_Task objective_
Repeat the records below exactly from the line containing "野外炊事のあとは、ディスクゴ" to the line containing "Контрпрессинг Основным инструментом", taking in both of those lines. Drop the pictures.

_Exercise material_
= = = = =

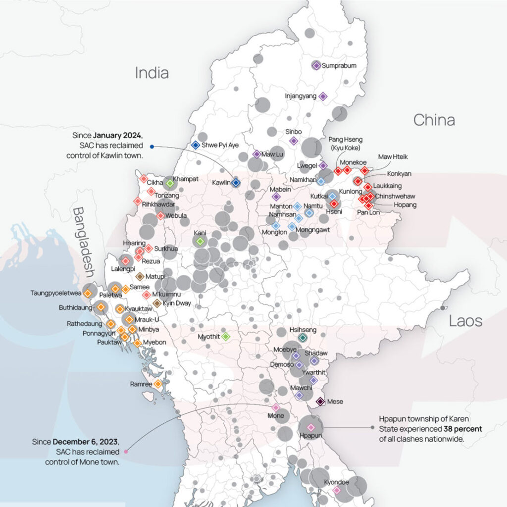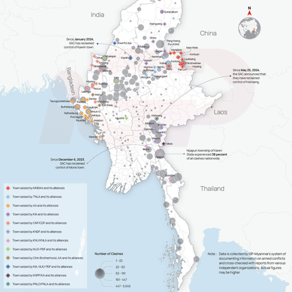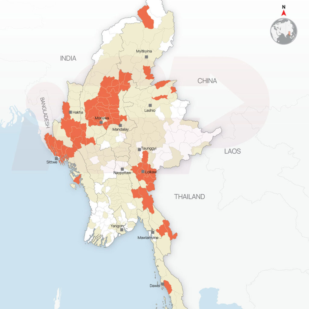ISP-Myanmar conducted a study to assess the security risk level in these townships using the Security Risk Index, a composite index based on the number of clashes, airstrikes, arson, and fatalities.
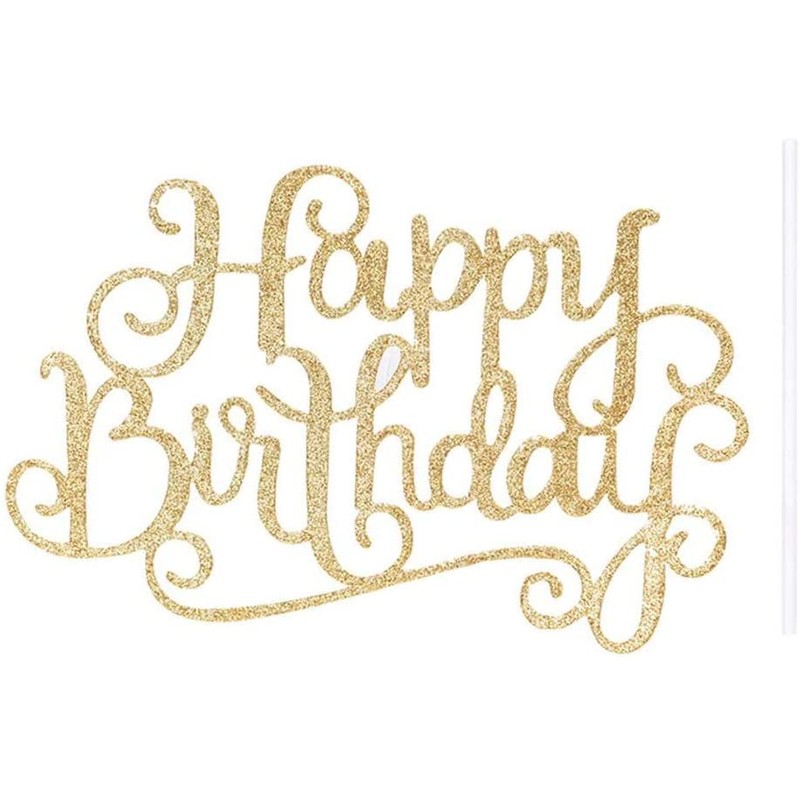 Flairs New York Happy Birthday Decorations Cake Toppers Party Props (Pack of 1 Cake Topper, Gold Glitter Happy Birthday)
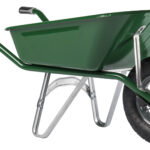 Brouette Cargo Excellium 100 L peinte verte, robuste et confortable, équipée d’une roue gonflée PF 34 et d’un châssis renforcé avec renforts galvanisés.
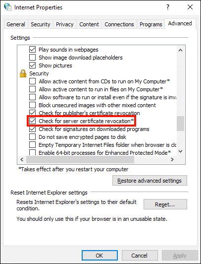 However, the current (Chromium-based) version of Edge, like Chrome, relies on CRLSets for revocation checking and appears from our tests below to be independent of revocation-checking settings in Internet Properties. (Note: In a previous version of these tests, done in September 2019, Internet Explorer and a pre-Chromium version of Edge did follow these settings in Internet Properties.)
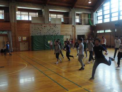 野外炊事のあとは、ディスクゴルフと火起こし体験です。午前中とグループが入替わり行いました。3時30分ごろから通り雨が降り出したのでフライングディスクは急きょ中止し、プレーホールでクラス対抗のドッジビーをしました。ボランティアできてくれいる学生のお兄さん、お姉さんにもはいってもらい、大変盛り上がりました。
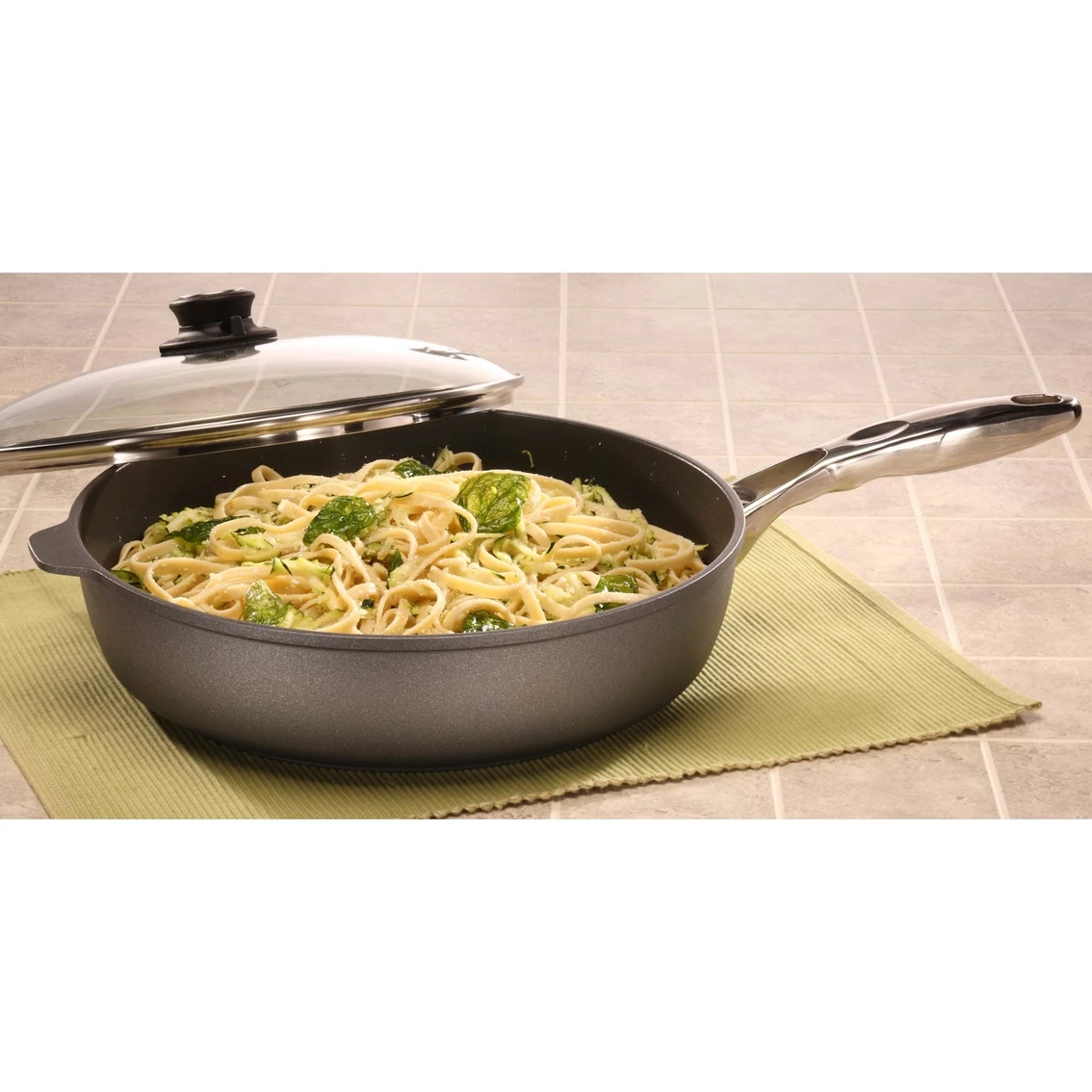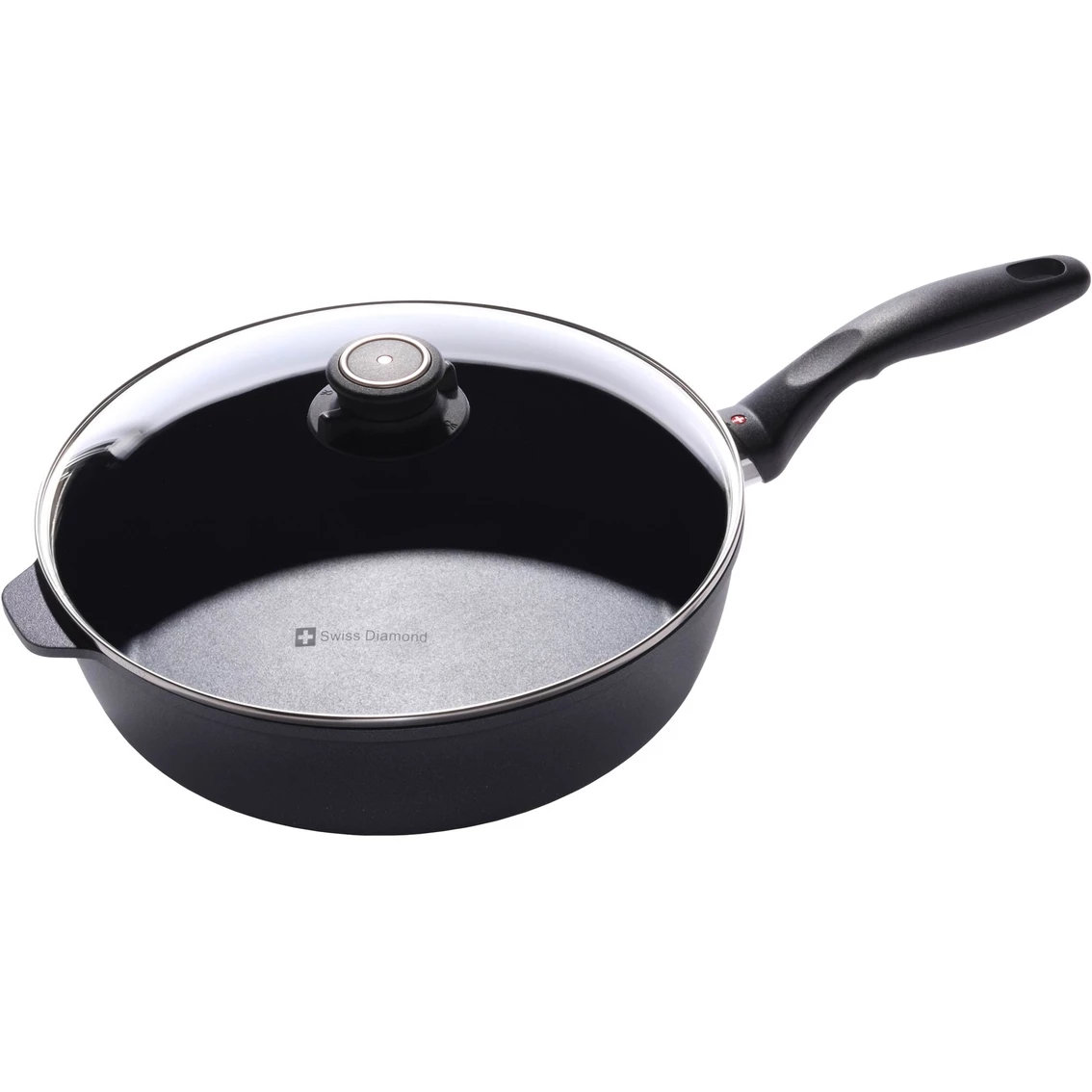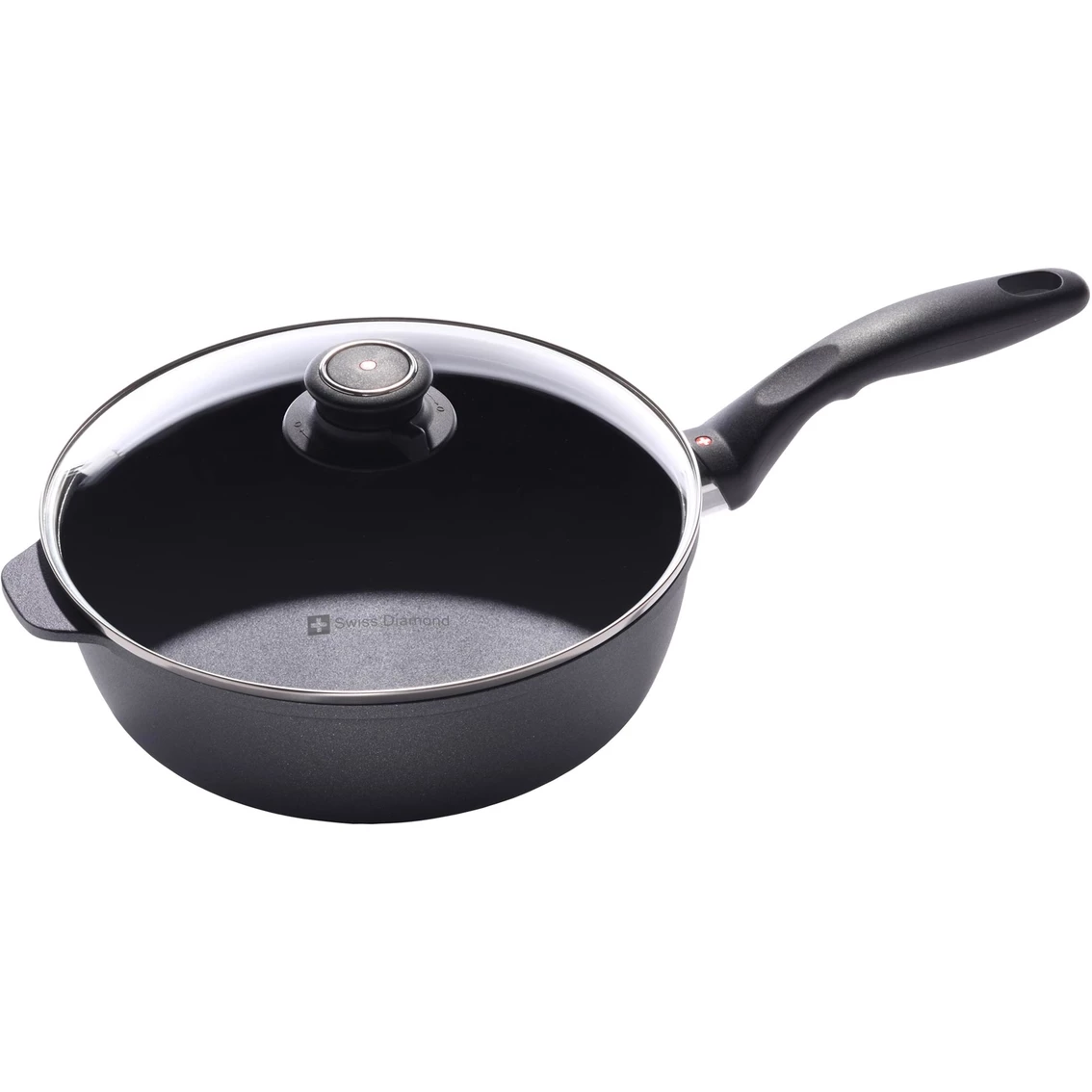 The Swiss Diamond Saute Pan is ideal for cooking enthusiasts in search of a versatile addition to their cookware collection. Perfect for meat, vegetables, sauces and more, this high quality and durable pan is guaranteed to transform your everyday cooking experience. The cast aluminum body distributes heat evenly and efficiently to warm contents evenly without hot spots so that less stirring is required. The patented diamond-reinforced nonstick coating contains real diamond crystals and consistently delivers delicious results followed by easy clean-up. The coating ensures immediate release of food particles to make clean-up a breeze! Simply wash with hot soapy water and a gentle sponge-no more scrubbing or soaking dirty pans. This saucepan is oven-safe up to 500 degrees F (260 degrees C). Model: 67.
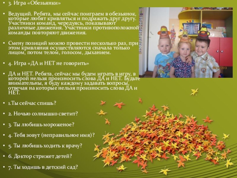 Ведущий. Ребята, мы сейчас поиграем в обезьянок, которые любят
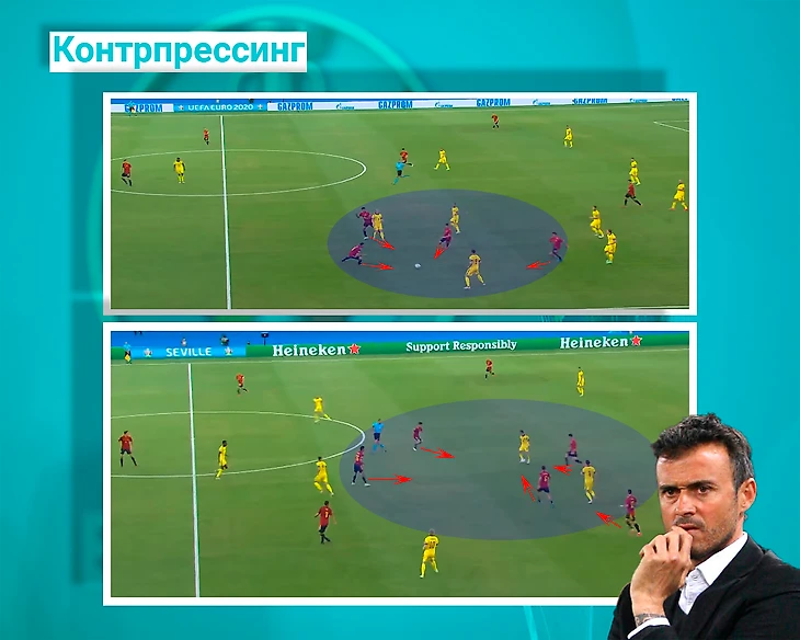 Контрпрессинг Основным инструментом в достижении 85-процентного владения послужил контрпрессинг. Возможно, он был идеальным. Правило 5 секунд,по канонам всё того же Гвардиолы, работало прекрасно. Данное правило заключается в том, что после потери мяча игроки за 5 секунд должны вернуть его под свой контроль. Испанцы проворачивали такое на постоянной основе.
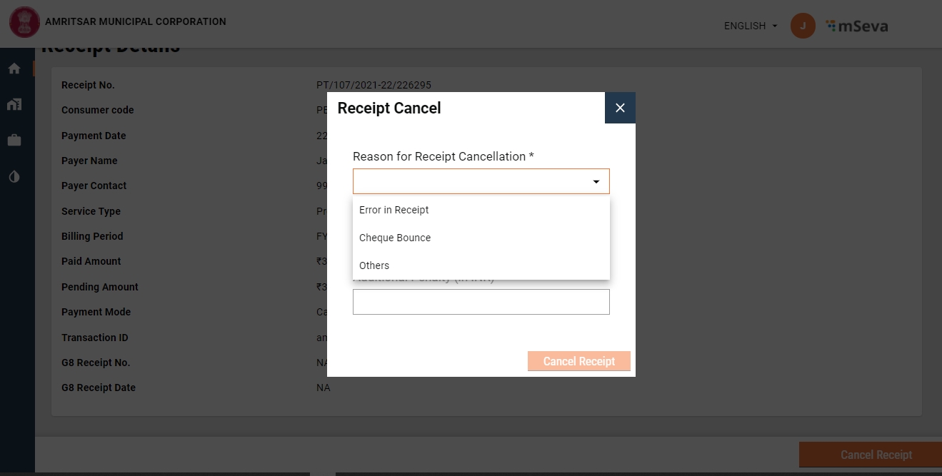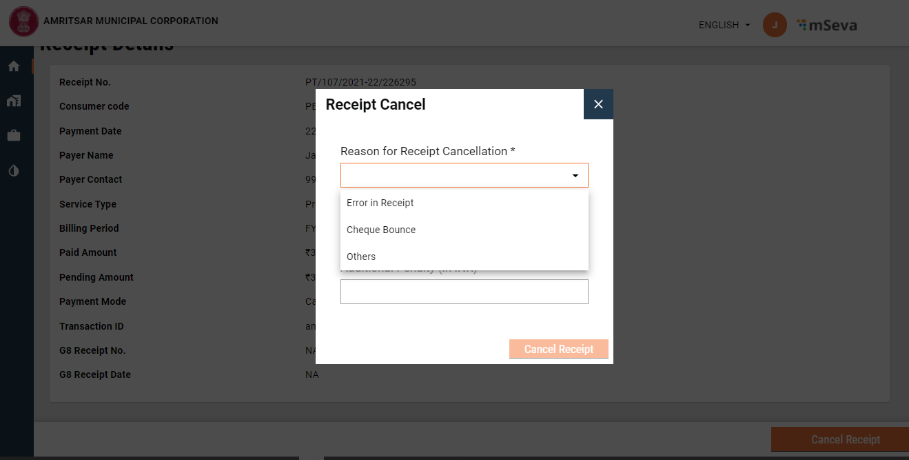 Action modal - This appears with the click of Cancel Receipt. The cancel receipt action is shown only for the following state of receipt.
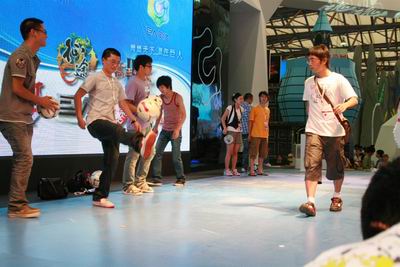 巨人体育帝国CJ展台MM脱鞋颠球 不惧走光
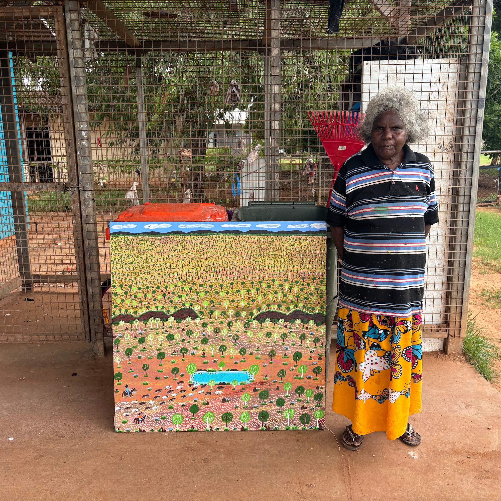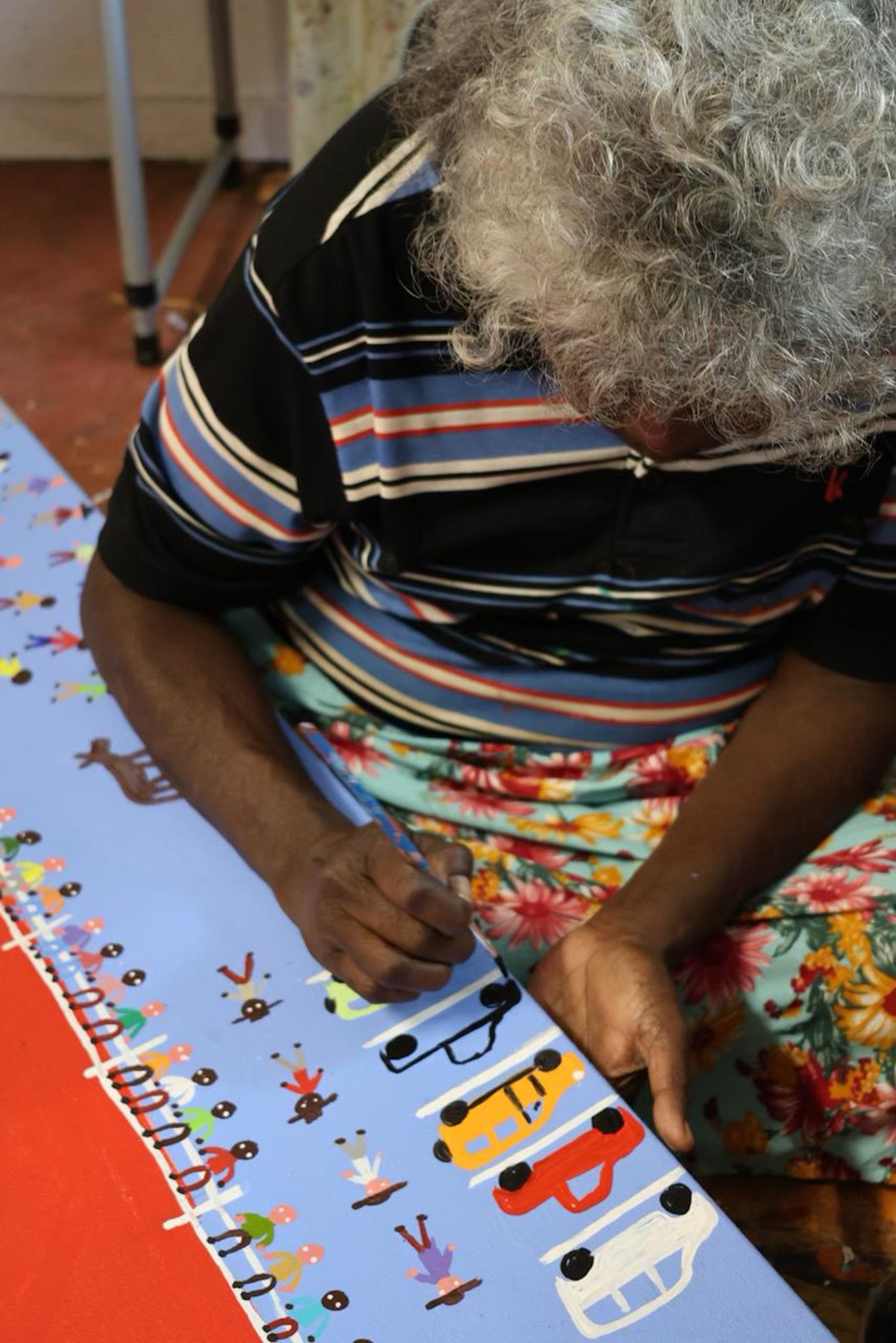 Jill Daniels is an artist based in Ngukurr, South East Arnhem Land, known for her vibrant depictions of life in the remote community.
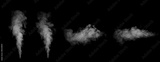 Includes close-up shots of abstract white steam or smoke rising upwards. From humidifying spray isolated on black background.
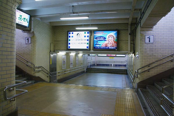 地下に目を向けると、丹那トンネルより先に開通した、各ホームを連絡する地下道も あり、壁面のタイルや階段上部梁にもさり気無く装飾が施され、カマ替えで全列車が 停車した、往時を偲ばせる品のある造りですね。そしてその地下道を通って5・6番線
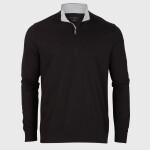 • 1x1 rib knit neckband, placket, sleeve cuff and hem

= = = = =

_Output_
 野外炊事のあとは、ディスクゴルフと火起こし体験です。午前中とグループが入替わり行いました。3時30分ごろから通り雨が降り出したのでフライングディスクは急きょ中止し、プレーホールでクラス対抗のドッジビーをしました。ボランティアできてくれいる学生のお兄さん、お姉さんにもはいってもらい、大変盛り上がりました。
 The Swiss Diamond Saute Pan is ideal for cooking enthusiasts in search of a versatile addition to their cookware collection. Perfect for meat, vegetables, sauces and more, this high quality and durable pan is guaranteed to transform your everyday cooking experience. The cast aluminum body distributes heat evenly and efficiently to warm contents evenly without hot spots so that less stirring is required. The patented diamond-reinforced nonstick coating contains real diamond crystals and consistently delivers delicious results followed by easy clean-up. The coating ensures immediate release of food particles to make clean-up a breeze! Simply wash with hot soapy water and a gentle sponge-no more scrubbing or soaking dirty pans. This saucepan is oven-safe up to 500 degrees F (260 degrees C). Model: 67.
 Ведущий. Ребята, мы сейчас поиграем в обезьянок, которые любят
 Контрпрессинг Основным инструментом в достижении 85-процентного владения послужил контрпрессинг. Возможно, он был идеальным. Правило 5 секунд,по канонам всё того же Гвардиолы, работало прекрасно. Данное правило заключается в том, что после потери мяча игроки за 5 секунд должны вернуть его под свой контроль. Испанцы проворачивали такое на постоянной основе.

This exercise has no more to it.